General and administrative expenses. General and administrative expenses increased by $4.8 million, or 61%, from $7.9 million for the year ended December 31, 2019 to $12.7 million for the year ended December 31, 2020. This overall increase in general and administrative expenses was primarily due to the following:

Interest income. Interest income comprises interest income earned on cash, cash equivalents and marketable securities.

Interest expense. Interest expense is attributable to our term loan with Perceptive for the year ended December 31, 2020.  Interest expense also includes the amortization of the discount associated with allocating value to the common stock warrants issued to Perceptive and the amortization of the deferred financing costs associated with the term loan.  Interest expense increased by $3.1 million, from $0 for the year ended December 31, 2019 to $3.1 million for the year ended December 31, 2020.

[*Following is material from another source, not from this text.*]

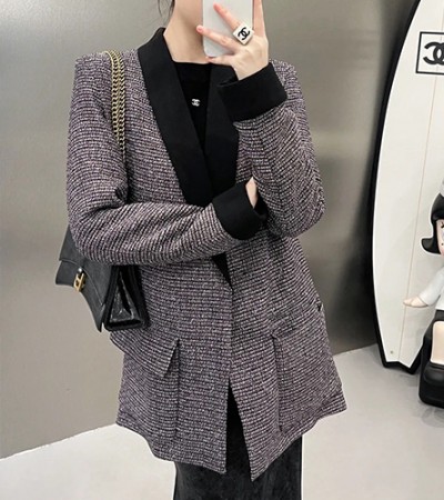 • [홍콩명품.CHANEL] 샤넬 24SS 로고 여성 울 코트 자켓 (다크그레이), BM16008, PG, 홍콩명품의류,구매대행,온라인명품
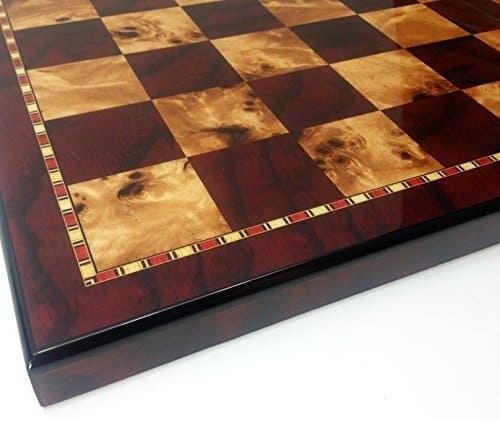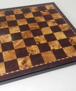 Tablero de ajedrez de alta calidad en color cerezo brillante y madera de raíz de burl. Este tablero cuenta con una base completamente fieltrada para un juego suave y silencioso. Las dimensiones generales son 18″ x 18 x 1″ con una superficie de juego de 15.75″ x 15.75″. Los cuadros de juego son de 1 31/32 pulgadas de tamaño. Fabricado con laminado lacado de alta calidad sobre madera MDF, este tablero es resistente y duradero, ideal para partidas de ajedrez de alto nivel.

Net Operating Losses and Tax Carryforwards

As of December 31, 2020, we had approximately $ 281.7 million of federal and $107.2 million of state net operating loss carryforwards. We also potentially have federal and state research and development tax credits which would offset future taxable income. We have not completed a study to assess whether an ownership change has occurred, or whether there have been multiple ownership changes since our inception, due to the significant costs and complexities associated with such studies. Accordingly, our ability to utilize the aforementioned carryforwards may be limited. Additionally, for federal net operating losses generated prior to 2018, U.S. tax laws limit the time during which these carryforwards may be utilized against future taxes. As a result, we may not be able to take full advantage of these carryforwards for federal and state tax purposes. As of December 31, 2020, all of our net operating losses were fully offset by a valuation allowance.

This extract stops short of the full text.